Miller attributed the inventory decrease to several factors. First, because of low prices, many homeowners have decided to postpone listing their apartments or take them off the market.

Lawrence Rich, a vice president at Prudential Douglas Elliman, encountered the latter problem recently when he represented a buyer looking for a resale condo on the Upper East Side.

At one Park Avenue apartment, the client put in an all-cash offer at the asking price of $10 million, but the seller took the unit off the market and decided to rent it instead, for the hefty sum of $32,000 a month.

At another apartment, the client put in an offer of $8 million, but this seller, too, took the home off the market, then put it back on a week later for $14 million, $4 million more than the original asking price.

Rich said these well-to-do sellers likely were not under pressure to unload their apartments immediately, and felt they could get higher sale prices by holding out.

“Certain people in that area might not have to sell,” Rich said. “They have other options, and maybe they figured after two years, the market will be better.”

StreetEasy’s report found that an average of 363 new listings appeared on the market each week in the second quarter, down from 409 per week in the previous quarter.
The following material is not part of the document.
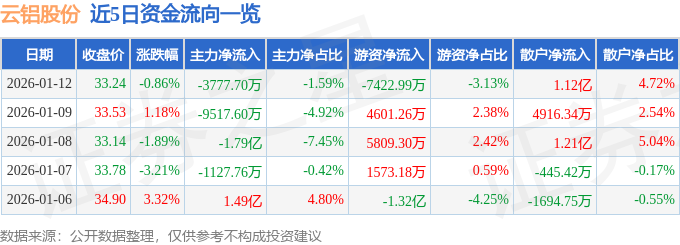 证券之星消息,截至2026年1月12日收盘,云铝股份(000807)报收于33.24元,下跌0.86%,换手率2.04%,成交量70.8万手,成交额23.75亿元。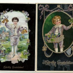 2 mycket vackra, gamla Gratulationskort över 100 årgamla

Meanwhile, a weekly average of 175 listings were “absorbed” in the second quarter, meaning they were sold or taken off the market, up from 142 per week in the first quarter.

So if inventory is falling, and given the law of supply and demand, why did the median price of a Manhattan apartment drop 14.3 percent in the second quarter, down to $835,700 from $975,000 in the previous quarter — and down 18.5 percent from the same period last year?

One factor is the rapidly growing “shadow inventory” of available new condos. Because developers rarely put all their units on the market at once, there are always more new condos available than inventory figures suggest, Miller explained.

While the number of shadow inventory units was fairly constant in the past, it’s now growing rapidly.

“It was always a constant, but now it’s a very significant phenomenon,” he said.

When The Real Deal first reported on shadow inventory in December, Miller estimated that there were roughly 2,000 new condos that were not yet on the market. Since then, he estimated that figure has mushroomed to somewhere between 6,000 and 8,000 units. That’s because developers have been unable to sell the units they already have on the market, so they’re delaying putting new ones up for sale.

“The methodology was, release blocks of units at a time as the initial units sell off,” Miller said. “As sales slow, the blocks back up as more buildings keep coming on the market.”

Despite the recent inventory drop, buyers can still take comfort in the fact that there are many more Manhattan apartments available than in the past.

“I’ve never shown this many apartments in such a short time,” Rich said, noting that he recently showed one buyer 56 apartments in four days, and she still didn’t buy one. “In previous years, you didn’t have an opportunity to do this. The apartments didn’t last very long.”